There was no harm in saying goodbye, though. Jamie dressed, and then hurried back to the bedroom. Marc was up, prosthesis strapped on, and wearing a weathered pair of jeans—faded denim that hugged him in all the right places. His muscular chest rippled as he pulled a T-shirt over his head, and Jamie’s resolve wavered. “Um . . . so, I’m gonna go.”

“Okay. Got much planned today?”

“Just a meeting and tidying the flat up. It gets dusty when— Never mind.” Jamie shook his head. “You’re working tonight, aren’t you?”

“Yup. Seven till seven. Are you going to be okay?”

“Course. Why wouldn’t I be?”

Marc sighed and kicked a drawer shut with his metal foot. “Because I’m judging you by how I feel, and I’m not looking forward to spending the night without you.”

“Oh.” Jamie dialled back his irritation and stepped into Marc’s personal space, winding his arms around Marc’s neck. “I’m sorry. I turn into a spiky bitch when I have to do something I don’t want to.”

“What don’t you want to do?”

“I don’t want to leave you.”

Marc smiled, but it seemed bittersweet, perhaps because they both knew that they had to part ways sooner or later. “This has been the longest goodbye I’ve ever known. It’s not just the raging horn that makes us act like teenagers, eh?”

“Apparently not, but I’m the one dragging my heels.” Jamie hid his face in Marc’s chest.

Marc rubbed his back. “You know you can come back anytime, don’t you? Whether I’m here or not?. Um, you can sleep here too whenever you like.”

“I think I knew that before I dropped my arse off that ladder, but I have to learn to be on my own sometimes. It’s part of my recovery, I guess. Thanks, though. Sleeping next to you is the closest to happy that I’ve been in years.”

There wasn’t much else to say, and they finally parted. Jamie left Marc in his bedroom and escaped the house as fast as he could, without chickening out and running back to the safety of Marc’s arms. He wanted to score some junk and hide away in his flat until he could see Marc, chasing the scratchy oblivion that paled in comparison to busting his load all over Marc’s chest, until he could have the real thing again. The ludicrous logic of his craving struck him as funny, but then the pessimist that lurked on his shoulder reasoned that the blissful twenty-four hours he’d spent with Marc had been a dream, and that shooting up would be the closest he’d ever get to it for the rest of his life.

Fucking drama queen.
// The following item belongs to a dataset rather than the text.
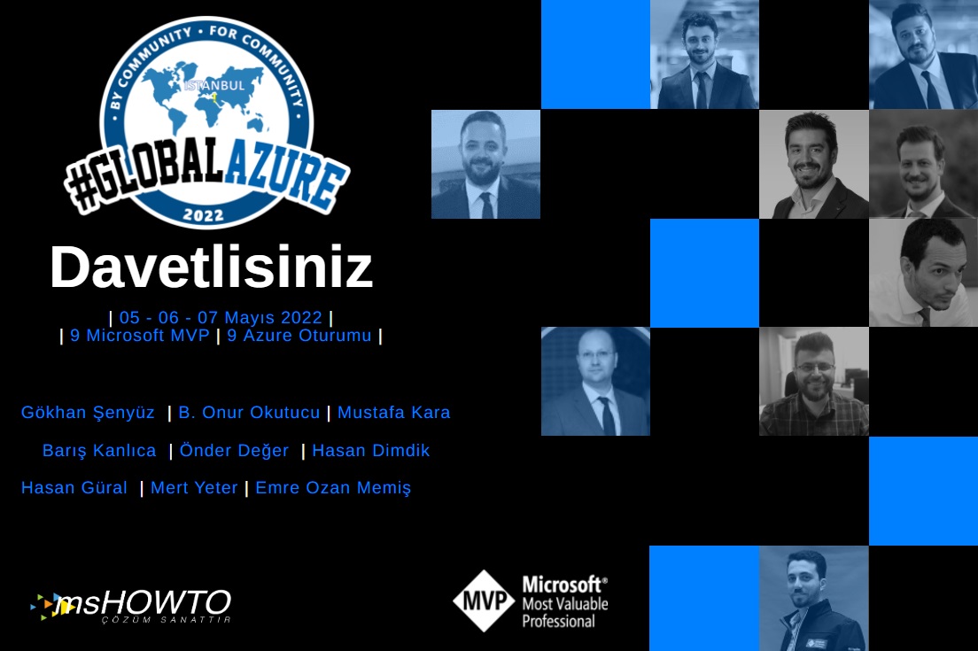 Yıllardır değişmeyen Dünya’nın en büyük Azure etkinliği olan Global Azure bu sene de kaldığı yerden devam ediyor. 3 gün boyunca Dünya’nın dört bir yanındaki topluluklar Azure meraklılarına sınıfının en iyilerinden Azure hakkında bilgileri canlı olarak veriyor. Bu sene de MSHOWTO Topluluğu olarak sizin için 5-6-7 Mayıs tarihlerinde 9 MVP ile 9 farklı oturum düzenleyerek Global Azure Istanbul 2022 etkinliğini gerçekleştiriyoruz.

Jamie chastised himself all the way home and let himself into the flat in a foul mood. The dust that had collected in his absence taunted him as he put his shoes carefully on the rack by the front door, and it took everything he had not to attack each room like a whirlwind until it was gone.

Instead he rooted out his headphones and blasted Metallica. Music was the one thing he missed when he was at Marc’s house. Sorting through piles of Marc’s mother’s possessions was a task that seemed to suit sombre hush, but he couldn’t handle that in his own flat. It was too small for silence, the walls too close. Without James Hetfield screaming bloody murder in his ears, there was no escape from his own head.

But he couldn’t pace his flat all day, especially if he had any hope of resisting his compulsion to wipe away the minute layer of dust. Besides, he had a meeting to go to—two of them if he didn’t get the calm he needed at the first—and at ten o’clock, he wrapped up warm and left the house. The bus stop was next to the river, beside the shack that sold sausages butties, but Jamie forwent breakfast. He’d recently discovered that being hungry was a good substitute for fractious cleaning, and without Marc’s soothing presence, he didn’t feel much like eating anyway.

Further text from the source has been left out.